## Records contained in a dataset

BEGIN

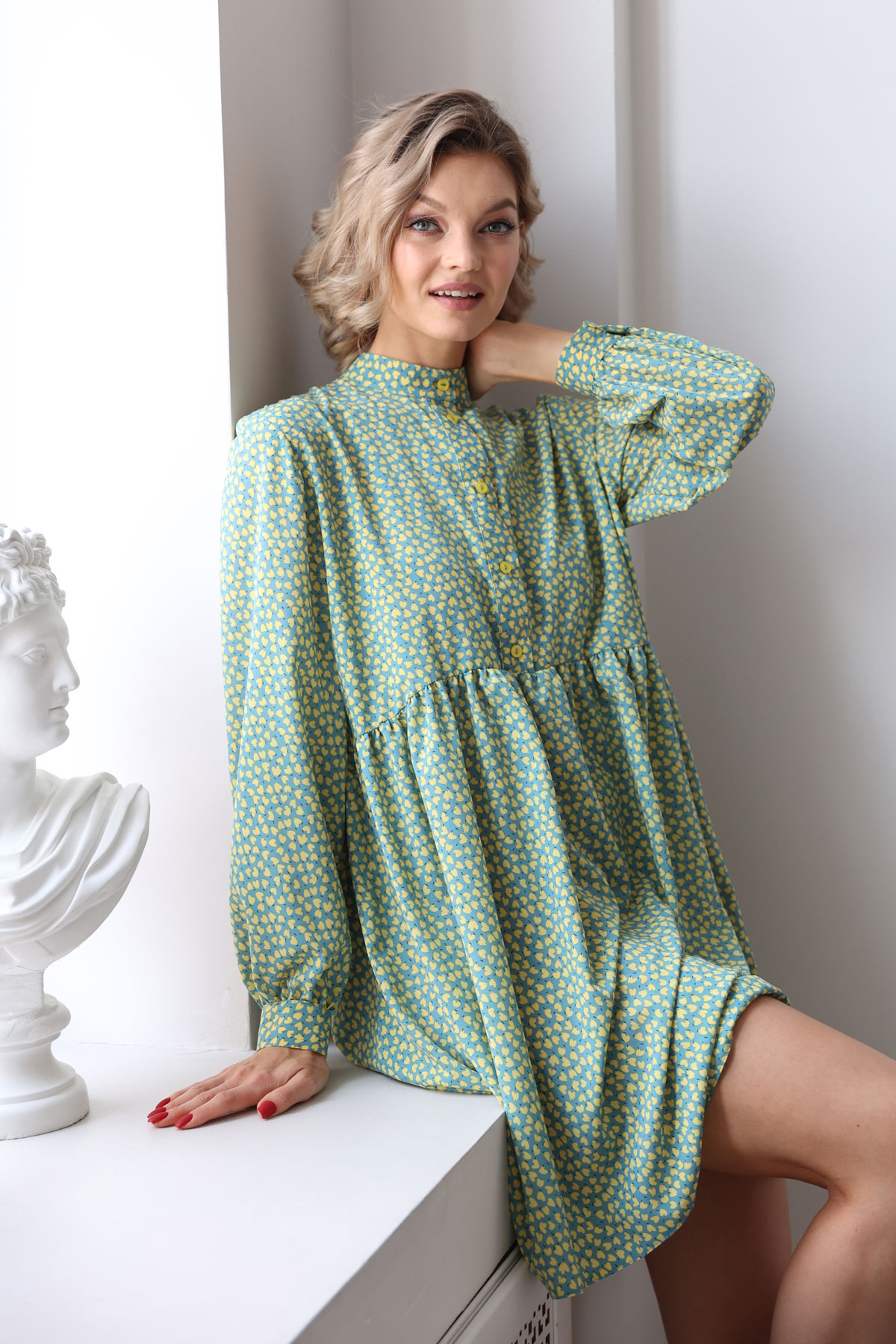 Параметры модели: 175 см, грудь 86 см, талия 66 см, бедра 96 см.
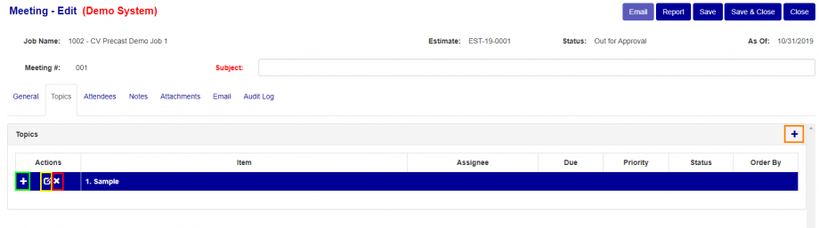 To add a new topic to the meeting, use the “+/Add” Button (Orange box Fig. 2) and fill out the detail on the edit screen it redirects you to (Fig. 3).
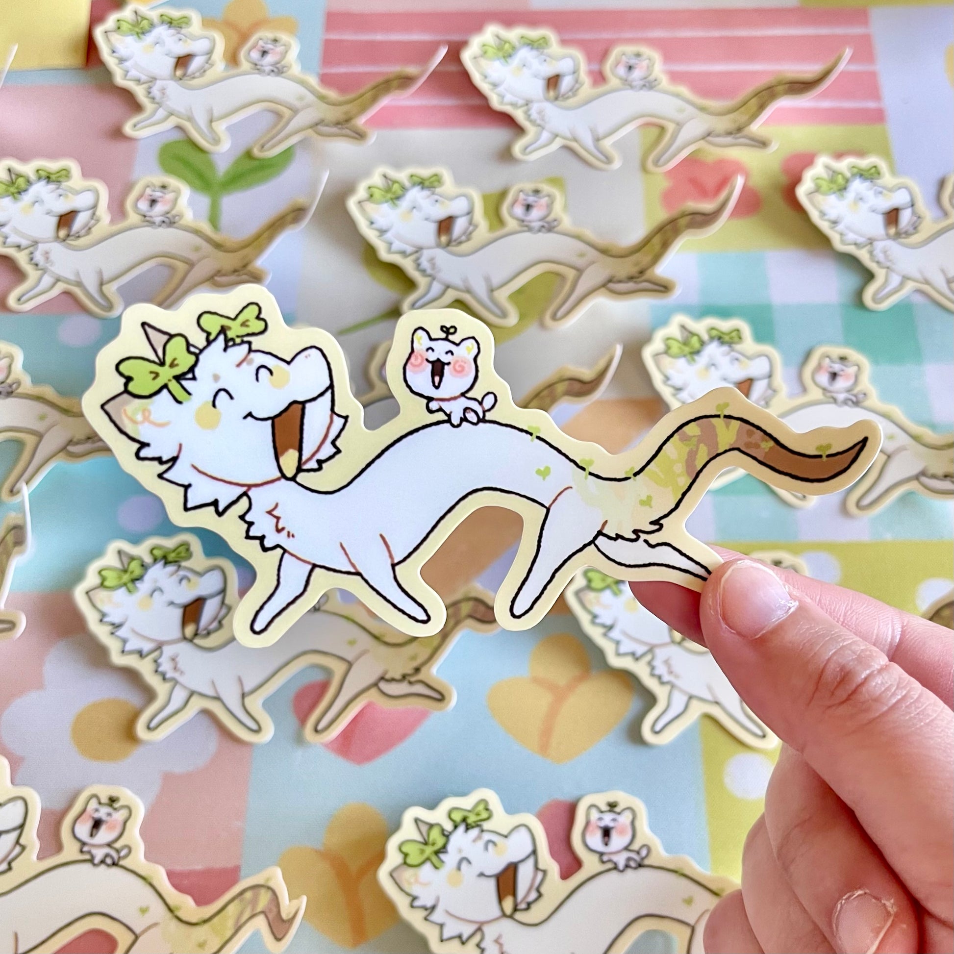 Add some whimsy to your belongings with our Dragon Rider Sticker! Featuring the adorable duo of Sprouts the Kitten and Turnip the dragon, this 2.5 inch sticker is sure to bring a smile to your face. Perfect for any animal lover and lover of all things cute and quirky.
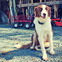 Skip - Slated to be our herding dog if he ever grows out of his teen enthusiasm for chasing everything that moves. Skip is a rare red and white, tri-color, and sable border collie with working dog credentials.
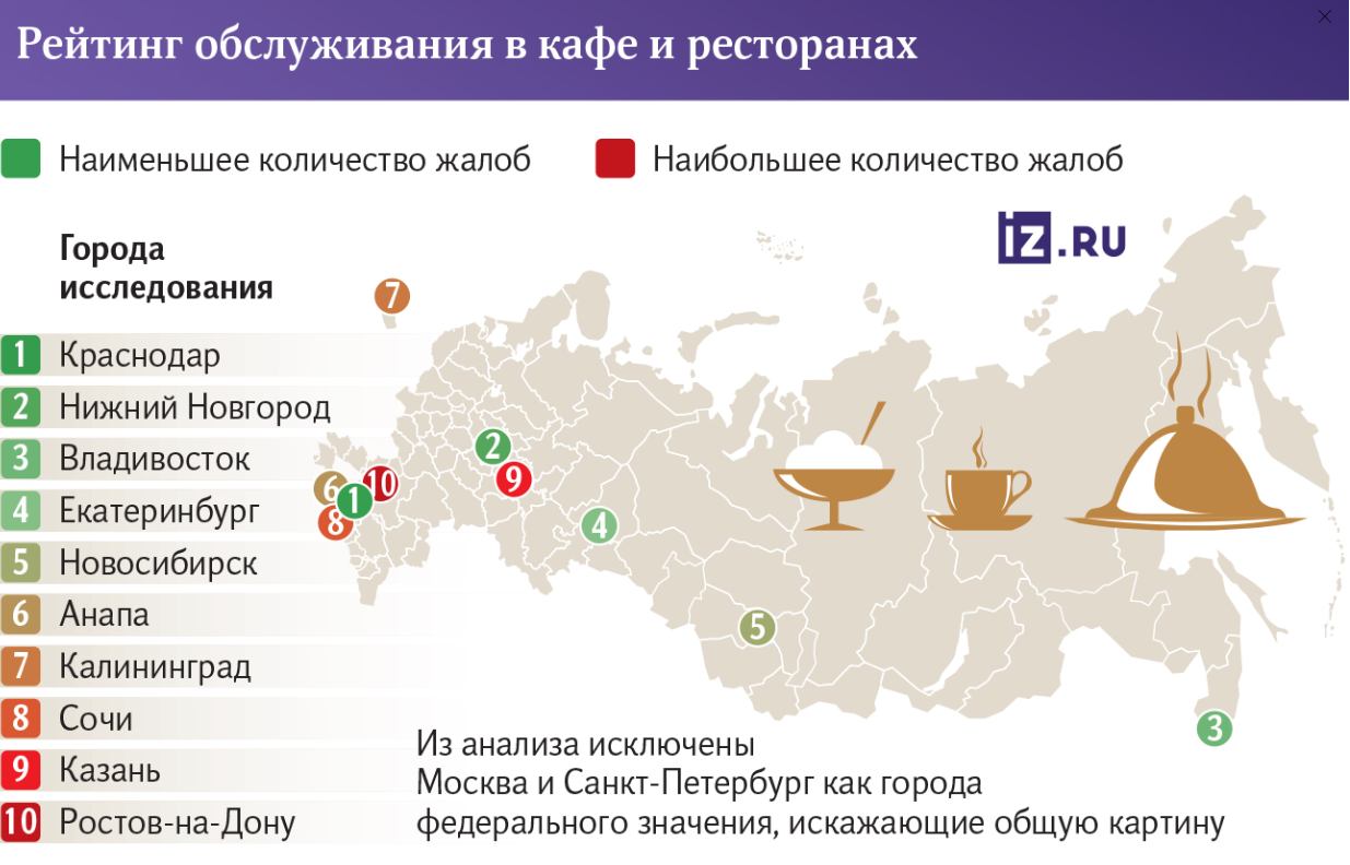 В донской столице посетители чаще всего жаловались, что их обсчитали. Соседний Краснодар, занявший первую строчку рейтинга, оказался при этом на последнем месте по «вежливости и коммуникации официантов».

END

## Your objective
The line with "Skip - Slated" ends the range, and the first line of the data begins it; repeat exactly those lines and nothing more, omitting pictures.

## Task solution
 Параметры модели: 175 см, грудь 86 см, талия 66 см, бедра 96 см.
 To add a new topic to the meeting, use the “+/Add” Button (Orange box Fig. 2) and fill out the detail on the edit screen it redirects you to (Fig. 3).
 Add some whimsy to your belongings with our Dragon Rider Sticker! Featuring the adorable duo of Sprouts the Kitten and Turnip the dragon, this 2.5 inch sticker is sure to bring a smile to your face. Perfect for any animal lover and lover of all things cute and quirky.
 Skip - Slated to be our herding dog if he ever grows out of his teen enthusiasm for chasing everything that moves. Skip is a rare red and white, tri-color, and sable border collie with working dog credentials.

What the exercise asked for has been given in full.